Sec. 2. Section 17b-274d of the general statutes is repealed and the following is substituted in lieu thereof (Effective July 1, 2005):

(a) Pursuant to 42 USC 1396r-8, there is established a Medicaid Pharmaceutical and Therapeutics Committee within the Department of Social Services.

(b) The Medicaid Pharmaceutical and Therapeutics Committee shall be comprised as specified in 42 USC 1396r-8 and shall consist of fourteen members appointed by the Governor. Five members shall be physicians licensed pursuant to chapter 370, including one general practitioner, one pediatrician, one geriatrician, one psychiatrist and one specialist in family planning, four members shall be pharmacists licensed pursuant to chapter 400j, two members shall be visiting nurses, one specializing in adult care and one specializing in psychiatric care, one member shall be a clinician designated by the Commissioner of Mental Health and Addiction Services, one member shall be a representative of pharmaceutical manufacturers and one member shall be a consumer representative. The committee may, on an ad hoc basis, seek the participation of other state agencies or other interested parties in its deliberations. The members shall serve for terms of two years from the date of their appointment. Members may be appointed to more than one term. The Commissioner of Social Services, or the commissioner's designee, shall convene the committee following the Governor's designation of appointments.
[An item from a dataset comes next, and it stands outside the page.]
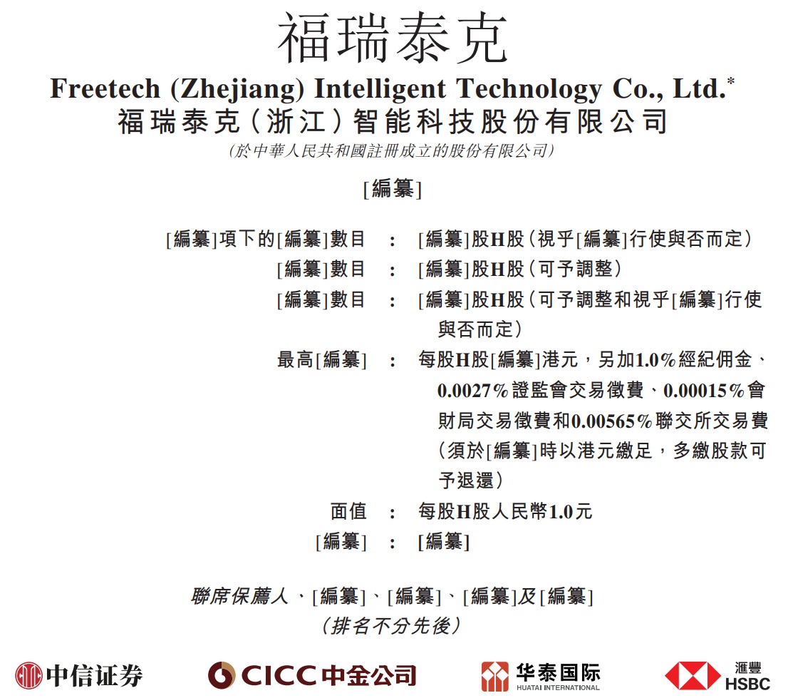 智通财经APP获悉,据港交所11月22日披露,福瑞泰克(浙江)智能科技股份有限公司(简称:福瑞泰克团)向港交所主板提交上市申请书,中信证券、中金公司、华泰国际、汇丰为其联席保荐人。

The administrative staff of the Department of Social Services shall serve as staff for said committee and assist with all ministerial duties. The Governor shall ensure that the committee membership includes Medicaid participating physicians and pharmacists, with experience serving all segments of the Medicaid population.

(c) Committee members shall select a chairperson and vice-chairperson from the committee membership on an annual basis.
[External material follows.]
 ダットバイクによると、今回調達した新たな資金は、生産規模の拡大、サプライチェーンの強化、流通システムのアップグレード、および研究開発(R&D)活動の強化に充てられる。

(d) The committee shall meet at least quarterly, and may meet at other times at the discretion of the chairperson and committee membership. The committee shall comply with all regulations adopted by the department, including notice of any meeting of the committee, pursuant to the requirements of chapter 54.

(e) The Department of Social Services, in consultation with the Medicaid Pharmaceutical and Therapeutics Committee, shall adopt preferred drug lists for use in the Medicaid, state-administered general assistance and ConnPACE programs. The Department of Social Services, upon entering into a contract for the provision of prescription drug coverage to medical assistance recipients receiving services in a managed care setting as provided by section 17b-266a, shall in consultation with the Medicaid Pharmaceutical and Therapeutics Committee, expand the preferred drug list for use in the HUSKY Plan, Part A and Part B. To the extent feasible, the department shall review all drugs included on the preferred drug lists at least every twelve months, and may recommend additions to, and deletions from, the preferred drug lists, to ensure that the preferred drug lists provide for medically appropriate drug therapies for Medicaid, state-administered general assistance and ConnPACE patients. For the fiscal year ending June 30, 2004, such drug lists shall be limited to use in the Medicaid and ConnPACE programs and cover three classes of drugs, including proton pump inhibitors and two other classes of drugs determined by the Commissioner of Social Services. Not later than June 30, 2005, the Department of Social Services, in consultation with the Medicaid Pharmaceutical and Therapeutic Committee shall expand such drug lists to include other classes of drugs, except as provided in subsection (f) of this section, in order to achieve savings reflected in the amounts appropriated to the department, for the various components of the program, in the state budget act.

(f) Except for mental-health-related drugs and antiretroviral drugs, reimbursement for a drug not included on the preferred drug lists are subject to prior authorization.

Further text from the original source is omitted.